Ukrainian interest. Mutual understanding in Vilnius, electric Putin, and Euro-Atlantic solidarity
Poroshenko paid an eventful visit to Lithuania. Climate Summit in Paris confirmed the intransigence of Putin and Erdogan. The Russian president acted as an electric god for Crimea, not too convincingly though. NATO has invited Montenegro into its ranks and expressed solidarity with Ukraine.
Relations between Kyiv and Vilnius remain warm and constructive, as confirmed by Petro Poroshenko’s recent visit to Lithuania. The Ukrainian president not only promised to study the Baltic experience of European integration, but also pledged assistance in the construction of a gas pipeline between Poland and Lithuania, which would reduce dependence of the latter on Russian gas. Ukraine knows for sure, how dangerous the Russian "blue gold" can be. Poroshenko stressed that Ukraine did not intend to give in to Russian blackmail regarding the entry into force of the Association Agreement with the EU.
Before taking off to Lithuania Poroshenko attended the Climate Change summit in Paris which he used to fight for the extension of sanctions against Russia, at the same time fine-tuning positions with Donald Tusk and Angela Merkel. However, the highlights of the summit were mutual accusations of Vladimir Putin and Recep Tayyip Erdogan of trading oil with ISIL. Despite all cynicism of today’s world such fishy facts of supporting terrorism, if proven, may have far-reaching consequences.
Vladimir Putin is do carried away with his virtual fight against Erdogan that he even used a term “Turkish clique” in his annual address. We can now expect some new verbal thrusts like "Janissaries of big politics," as Moscow does not hide its willingness to use Soviet-style rhetoric in foreign policy. The disturbing thing about the plunging Russian-Turkish relations is that Russia could resort to a step, threatening to everyone in the region – deployment of nuclear weapons in Crimea. It seems that the Kremlin has not thought of a better way to claim regional superiority over the Turkish army and navy. Meanwhile, Ankara is trying to be cool, without fuss, about the Russian sharp response.

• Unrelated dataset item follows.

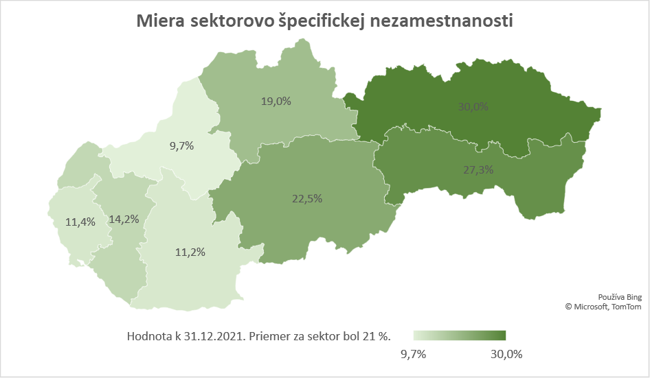 Miera sektorovo špecifickej nezamestnanosti bola v troch krajoch SR vyššia, ako bola jej celoštátna priemerná hodnota v rámci sektora, pričom situáciu v krajoch ovplyvnila taktiež návratová mobilita osôb, ktoré boli z práce uvoľnené v inom regióne, vrátane zahraničia. V sektore lesné hospodárstvo a drevospracujúci priemysel bola najvýraznejšia miera sektorovo špecifickej nezamestnanosti k 31. 12. 2021 zaznamenaná v Prešovskom kraji, kde dosiahla približne 30 %. Jej druhá najvyššia hodnota bola v Košickom kraji, a to cca 27 %. V opačnom spektre sa nachádzal Trenčiansky kraj, kde bola najnižšia miera sektorovo špecifickej nezamestnanosti, a to cca 10 %. Nízka hodnota sledovaného ukazovateľa bola aj v Nitrianskom a Bratislavskom kraji, a to cca 11 %.
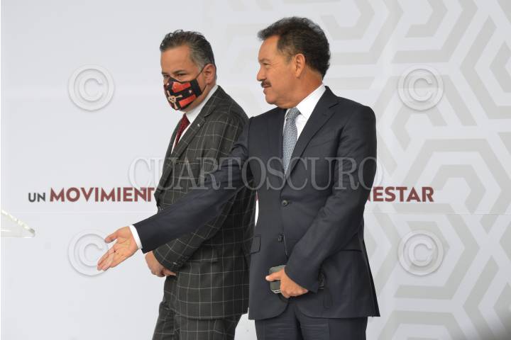 El senador Alejandro Armenta, Santiago Nieto durante la Reunión Plenaria de Morena en la antigua sede del Senado.

The Lord of the Kremlin had to personally fly to the Crimean peninsula, in order to mark the launch of a so-called “energy bridge” from mainland Russia. Putin is well aware that without constant replenishment through the TV, pro-Russian sentiment will not be peaking anymore in a place which has suddenly become so uncomfortable. Therefore, Putin is determined not to let this sentiment evaporate. At the same time, he aims at neutralizing further protests: hardly anyone will dare resent power shortages out loud after Putin made a personal "Let-there-be-light" appearance.
Meanwhile, NATO invited Montenegro to join the Alliance. Moscow perceived this move as an attack on its interests in the Balkans. Euro-Atlantic solidarity also manifested in moral support of Turkey and in the adoption of a new strategy against hybrid threats. NATO Secretary General Jens Stoltenberg stressed that NATO supports Ukraine and advocates a diplomatic solution to the conflict in Donbas. Unfortunately, the Minsk talks between the Ukrainian delegation and the separatists see no real success. At the OSCE ministerial meeting in Belgrade Ukraine’s Foreign Minister Pavlo Klimkin bluntly urged Russia to fulfill Minsk agreements, but his call was a voice crying in the wilderness. At the same time, U.S. Secretary of State John Kerry assured Petro Poroshenko that Ukraine would not become a bargaining chip in relations between the West and Russia.